Work required
Look for the line with "Walnoothouten Fauteuil met" in the data below, then reproduce word for word that line and every line after it. Leave out all pictures and add nothing.

[Saved data entries]
------

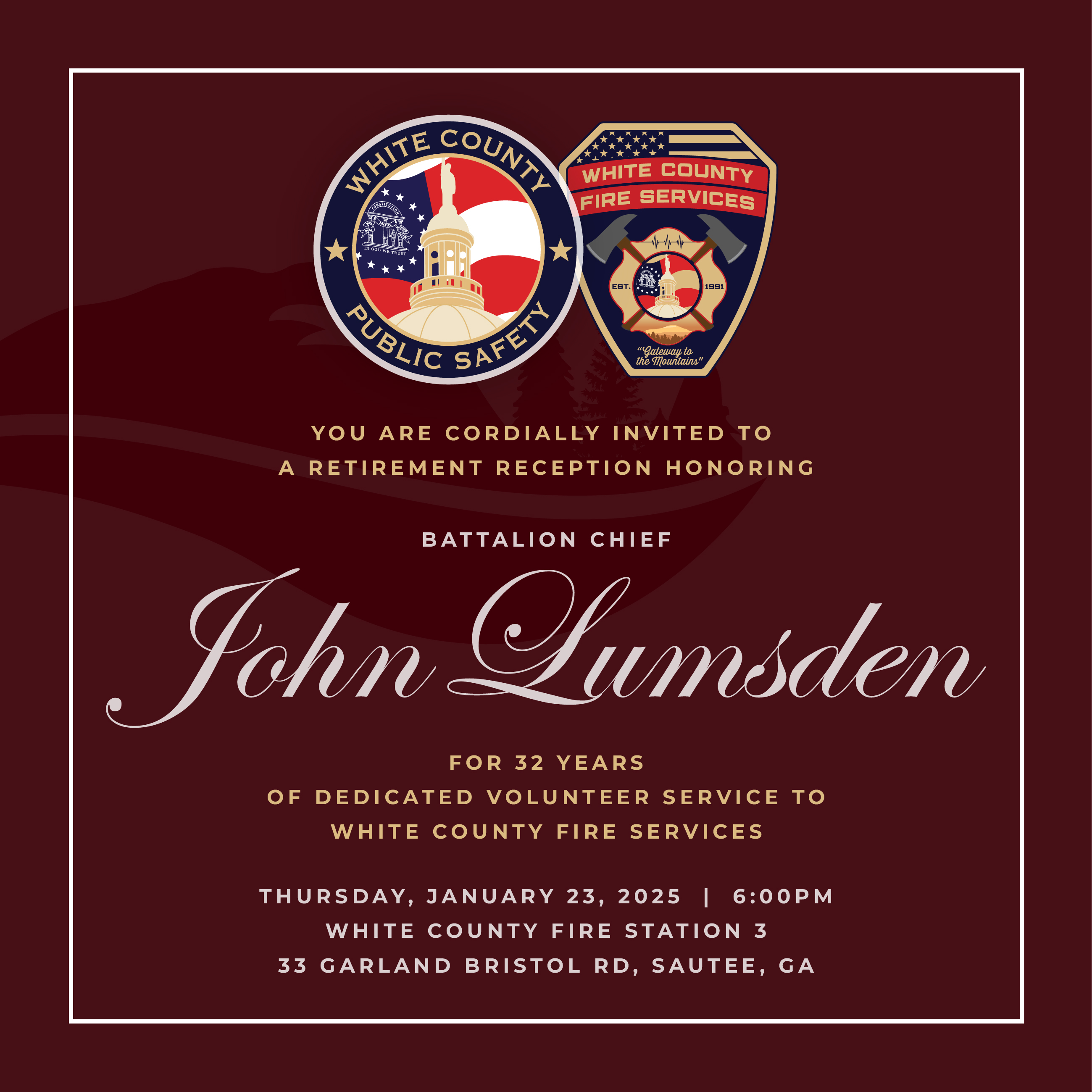 SAUTEE, Ga. — A retirement reception will be held on Thursday, January 23, to honor the 32 years of dedicated volunteer service of Battalion Chief John Lumsden to White County Fire Services.
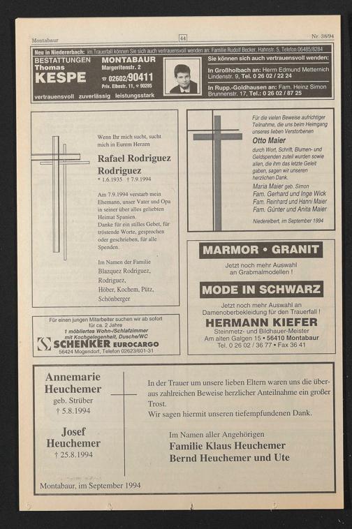 Neu in Niedererbach: Im Trauerfall können Sie sich auch vertrauensvoll wenden an: Familie Rudolf Becker, Hahnstn 5, Telefon 06485/8284
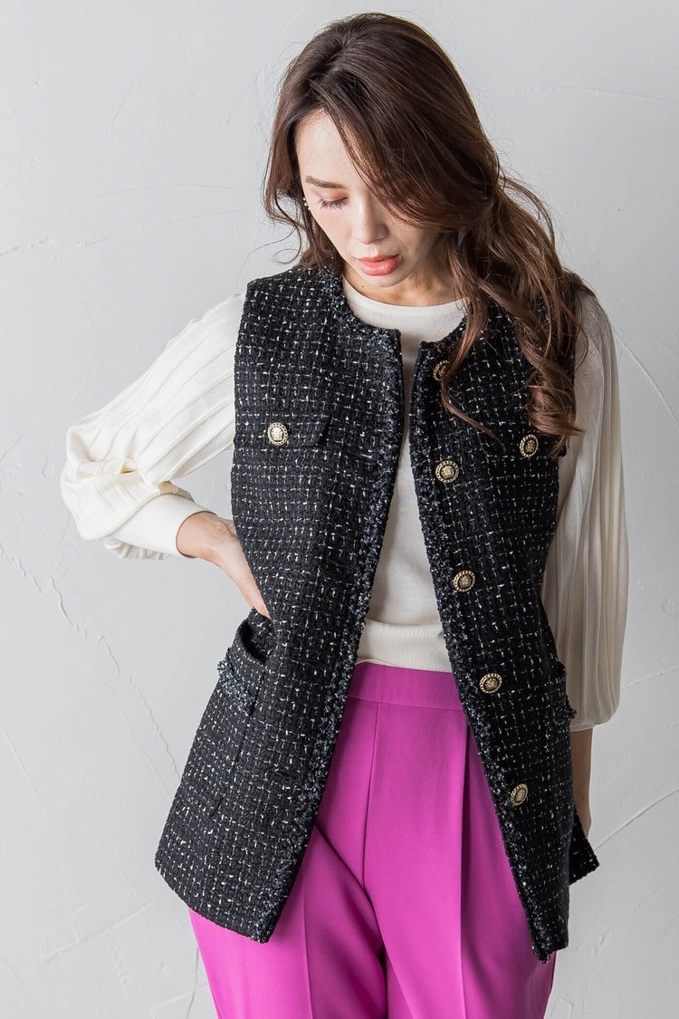 シンプルなテーパードパンツ×ツイードジレで華やかに
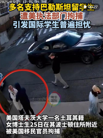 新華社北京3月28日電 據(jù)美國媒體報道,塔夫茨大學土耳其籍博士生魯梅伊莎·厄茲蒂爾克25日在其波士頓住所附近遭美國移民官員拘捕。自唐納德·特朗普就任總統(tǒng)以來,已有多名在美外國留學生因支持巴勒斯坦而遭拘捕或被驅逐出境。
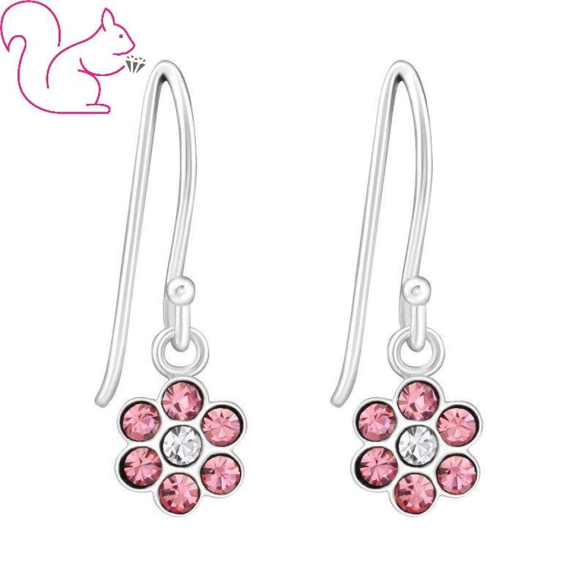 Virágos beakasztós ezüst fülbevaló, rózsaszín köves
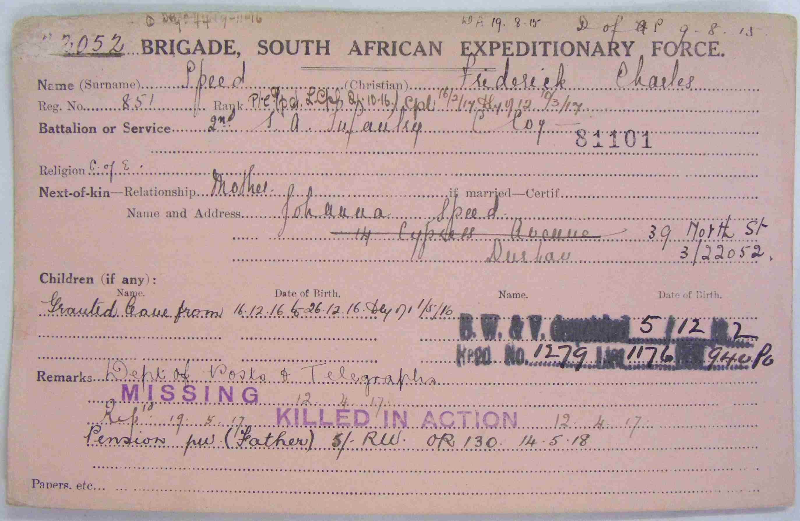 Son of Mr. H. and Mrs. Johanna Speed, of 13, Mitchell Rd., Durban, Natal. |
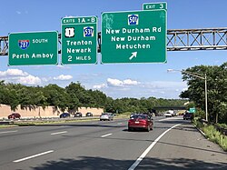 I-287 begins at an interchange with the New Jersey Turnpike (I-95) in Edison in Middlesex County, New Jersey, where the freeway continues east as Route 440 toward Perth Amboy and Staten Island.[2][3] Within Middlesex County, I-287 is called the Lt. Col. (Ret) Richard F. Lauer, US Army Highway.[2] From this point, it heads west as an eight-lane freeway through suburban areas, soon reaching an interchange with US 1 that also has access to County Route 531 (CR 531) in the southbound direction. Past this point, the road turns more to the northwest and passes under Conrail Shared Assets Operations's Bonhamtown Industrial Track line and a railroad spur before it comes to the junction with Route 27 (Lincoln Highway).[2][3] Following Route 27, I-287 narrows to six lanes and passes over Amtrak's Northeast Corridor as it continues to a southbound exit and northbound entrance with CR 501.[2]
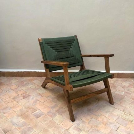Walnoothouten Fauteuil met Groen Koord Zitting
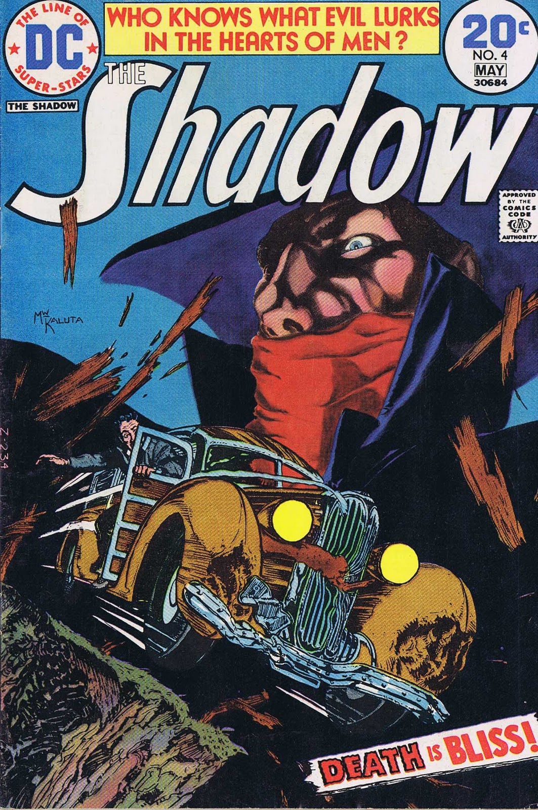 I used to read these comics when they came out. A few weeks ago I was in a used bookstore in LA and saw the same comic you have pictured, “Death is Bliss,” which I had purchased when it hit the stands in 1974. Couldn't resist, bought it. At the time, Kaluta's drawing style annoyed a lot of readers because he drew in that pulp style…he framed his panels like the dissolves in '30s movie serials. First time I've come across your blog; I grew up with the work of the artists you write about. They're worth remembering. Jazzy Johnny Romita! James Steranko did some great covers for the paperback reprints thatcame out about the same time. You probably recall the Blue Coal ads that used to play on a lot of the old Shadow radio shows…
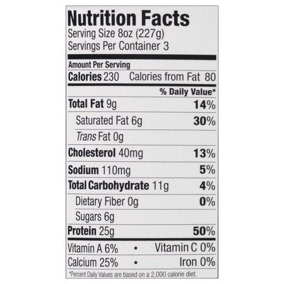 INGREDIENTS: Cultured Pasteurized Whole Milk. Live Active Cultures: S. Thermophilus, L. Bugaricus, Bifidobacterium, L. Acidophilus, L. Paracasei.
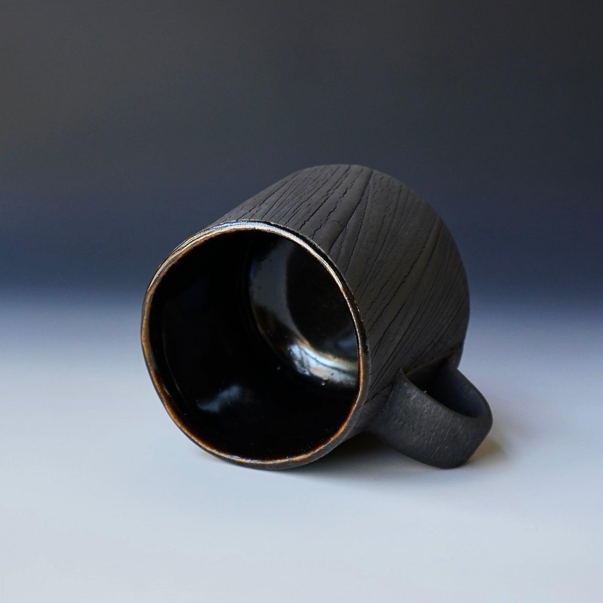 Mug cup - black kohiki, liner glaze : tenmokuThe piece is gas fired and then fired again in a sagger to create a black surface. 5 x 4 x 3.75h inchesholds 16 oz to the brim, 12.5oz comfortablyhandle for one fingerShipping and Policy(bk-1858a)
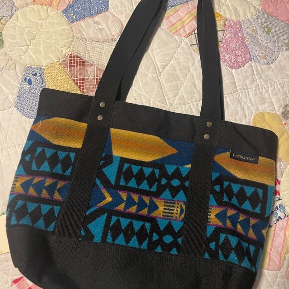Pendleton bag with interior pockets, wool and canvas, great condition, black, turquoise and mustard Southwest pattern.
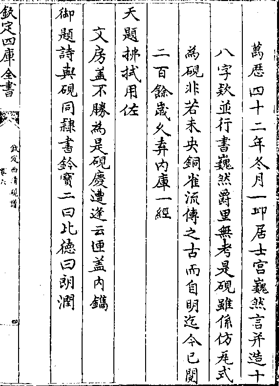 御制题明制瓦砚内府库藏分典守各司存不相授受偶搜所弆旧陶泓
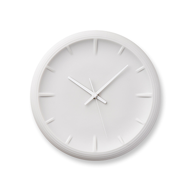 ガバ鋳込みと呼ばれる製造方法の特徴をいかした、磁器の時計です。
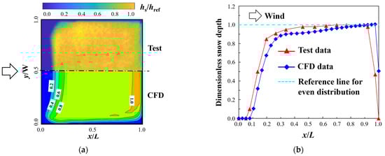 Comparisons of snow distributions on the flat roof between the test and simulation: (a) overall dimensionless snow depths hs/href on the flat roof; (b) dimensionless snow depth hs/href profiles along the central axis of the flat roof.
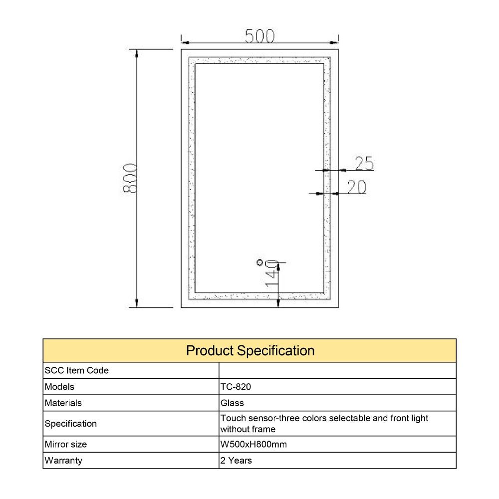 LED Mirror Rectangle (TC-820) 50×80 cm

------

Answer to this task
Walnoothouten Fauteuil met Groen Koord Zitting
 I used to read these comics when they came out. A few weeks ago I was in a used bookstore in LA and saw the same comic you have pictured, “Death is Bliss,” which I had purchased when it hit the stands in 1974. Couldn't resist, bought it. At the time, Kaluta's drawing style annoyed a lot of readers because he drew in that pulp style…he framed his panels like the dissolves in '30s movie serials. First time I've come across your blog; I grew up with the work of the artists you write about. They're worth remembering. Jazzy Johnny Romita! James Steranko did some great covers for the paperback reprints thatcame out about the same time. You probably recall the Blue Coal ads that used to play on a lot of the old Shadow radio shows…
 INGREDIENTS: Cultured Pasteurized Whole Milk. Live Active Cultures: S. Thermophilus, L. Bugaricus, Bifidobacterium, L. Acidophilus, L. Paracasei.
 Mug cup - black kohiki, liner glaze : tenmokuThe piece is gas fired and then fired again in a sagger to create a black surface. 5 x 4 x 3.75h inchesholds 16 oz to the brim, 12.5oz comfortablyhandle for one fingerShipping and Policy(bk-1858a)
Pendleton bag with interior pockets, wool and canvas, great condition, black, turquoise and mustard Southwest pattern.
 御制题明制瓦砚内府库藏分典守各司存不相授受偶搜所弆旧陶泓
 ガバ鋳込みと呼ばれる製造方法の特徴をいかした、磁器の時計です。
 Comparisons of snow distributions on the flat roof between the test and simulation: (a) overall dimensionless snow depths hs/href on the flat roof; (b) dimensionless snow depth hs/href profiles along the central axis of the flat roof.
 LED Mirror Rectangle (TC-820) 50×80 cm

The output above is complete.